Em sua jornada, você encontrará todo tipo de situações e problemas para resolver que vão desafiar seu poder de decisão e sua moralidade. Isso é importante, porque sua fama em cada região afeta como as pessoas de lá o tratarão, o que pode tornar sua vida um pouco mais fácil – uma vantagem muito valiosa na Idade Média.
Mas as atividades, embora sejam muito criativas e algumas bastante inusitadas, não se resumem a completar missões de NPCs de forma ininterrupta, simplesmente porque isso é impossível. Ao longo do dia, Henry pode ficar cansado e faminto, exigindo que você durma e coma em certos intervalos, caso contrário isso afetará sua saúde, diminuindo a vida e o vigor máximo e outros efeitos ruins. Entretanto, exagerar na comilança também é ruim para você, então atenção a estas condições é essencial.
Até mesmo a forma como você se apresenta é importante. Suas conversas e negociações podem ser afetadas pelo tipo de traje que usa e até o estado de suas roupas e equipamentos, que podem ficar sujos ou ensanguentados com o tempo, exigindo que você as limpe em uma casa de banho. Mas este estado visual deplorável também pode habilitar missões moralmente duvidosas de NPCs suspeitos, como assassinatos, roubos e outras atividades do tipo.
Por falar em equipamentos, este é outro detalhe realista muito interessante. Diferente de outros jogos, seu personagem se veste por camadas. É possível, por exemplo, usar uma camisa com uma cota de malha por cima e, finalmente, uma armadura de metal. Na parte de cima dá para ter um capuz, um cachecol e um elmo. Cada um destes itens tem um espaço próprio, aumentando consideravelmente as possibilidades de personalização, lembrando que tanto o visual quanto os atributos são importantes.

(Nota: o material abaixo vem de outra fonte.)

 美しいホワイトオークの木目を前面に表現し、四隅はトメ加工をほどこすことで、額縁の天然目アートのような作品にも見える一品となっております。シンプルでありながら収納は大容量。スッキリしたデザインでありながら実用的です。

Você, no entanto, provavelmente não vai querer usar todos os itens possíveis desde o começo, porque seu personagem não terá, por exemplo, força e agilidade necessária para aguentar todos eles, resultando em penalidades. Mas isso muda com o tempo, já que seus atributos melhoram conforme você os usa, se adaptando automaticamente ao seu estilo de jogar.
Andar de cavalo, ler, lutar, caçar, roubar, ser furtivo e até beber álcool. Cada uma destas e outras atividades concede novas habilidades relacionadas ao longo do tempo conforme você as pratica. Basicamente, você está mesmo treinando estes elementos, o que resulta em um fluxo natural para sua evolução e que reflete perfeitamente sua mudança de um simples camponês para um guerreiro.

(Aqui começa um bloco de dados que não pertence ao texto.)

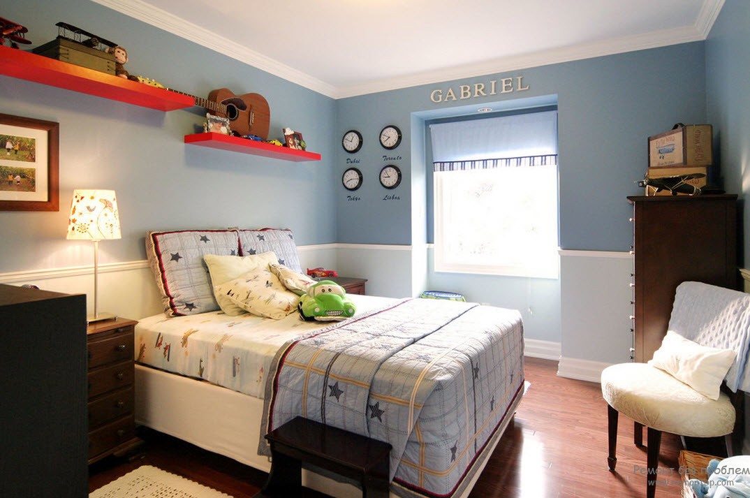 Как и в случае с девочками, нужно прислушаться к мнению самих братьев. Родители могут направлять и дать на выбор несколько вариантов, но решение принимают дети. Рекомендуется использовать синие, зеленые, коричневые, оранжевые оттенки. Красный цвет считается слишком агрессивным для такого помещения.

Faça você mesmo, se conseguir
Se você leu tudo isso e pensou: “uau, que conceito imersivo”, saiba que acertou. O jogo faz um excelente trabalho neste sentido, mas também consegue estragar muito disso com suas mecânicas e, principalmente, com bugs.

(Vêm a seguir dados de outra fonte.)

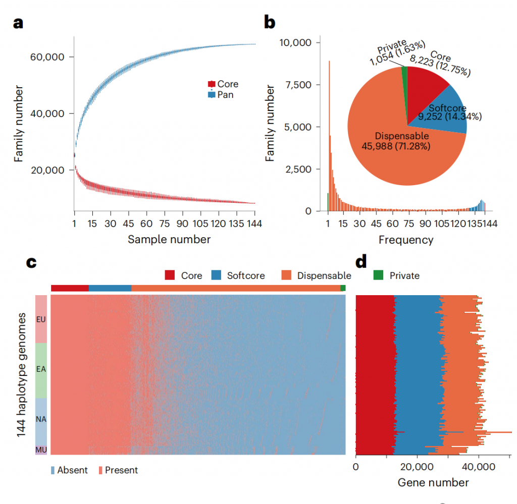 葡萄作為最古老的馴化作物之一(約公元前11,000年),漫長的持續(xù)馴化和多年的育種改良導致現(xiàn)代葡萄品種的遺傳多樣性縮小和抗性丟失,使其易受病蟲、逆境等各種不利條件的影響。近年北美葡萄泛基因組(Genome biology, 2023),歐洲葡萄泛基因組(Nature Genetics, 2024)的相繼報道,野生葡萄以其豐富的遺傳多樣性和超強的抗性基因再次受到關(guān)注,但以大群體染色體級基因組組裝為基礎(chǔ),涵蓋主要品種,特別是包含東亞野生種葡萄的屬級泛基因組一直未見報道。因此構(gòu)建涵蓋整個葡萄屬的泛基因組將成為了解葡萄遺傳多樣性、開展功能基因組學研究、識別隱性遺傳特性以及葡萄精準改良的關(guān)鍵資源。

Vamos começar com sistema de save do jogo, que é ativado sozinho ao concluir determinadas missões, mas são raras as ocasiões em que isso acontece. A forma mais segura de salvar é dormindo, usando uma casa de banho ou usando uma poção especial, que é bastante cara, principalmente no início. Isso é bom, porque obriga o jogador a pensar mais em suas ações, mas também é muito frustrante, porque é normal fazer uma escolha errada e terminar morto.
No meu caso, foi muito comum perder entre uma e duas horas de progresso por morrer, muitas vezes por algo bobo. É frequente encontrar bandidos muito bem armados nas estradas também e, caso não consiga evitá-los, eles o derrubarão do cavalo. Às vezes sequer vale a pena lutar: o melhor é abrir o menu e carregar seu último (e distante) save.
Falando em lutas, quase toda atividade exige que você realmente fique bom naquilo. As batalhas, por exemplo, são bem diferentes do comum. Em vez de simplesmente apertar botões para executar ataques, você precisa mirar. A câmera trava em um dos inimigos e um cursor de cinco pontas aparece, cada um indicando uma direção de ataque. É preciso selecionar um deles para atacar, possibilitando criar combos caso faça a sequência certa. Eles também permitem escolher o lado que você quer defender, o que é bem difícil de fazer no calor do embate. Lutar contra três pessoas ao mesmo tempo é, geralmente, impossível.
Embora esta mecânica seja difícil de usar, atirar com um arco e flecha é um verdadeiro pesadelo, já que não há cursor de mira e as mãos do personagem balançam enquanto ele segura o projétil. É preciso muito tempo de treino para se adaptar à mecânica e, sinceramente, achei que não valia o esforço.
Se você quiser abrir um cadeado trancado, furtar alguém ou até mesmo amolar sua espada, também precisará aprender a lidar com minigames excessivamente complicados, pouco intuitivos, malfeitos e, em geral, muito frustrantes.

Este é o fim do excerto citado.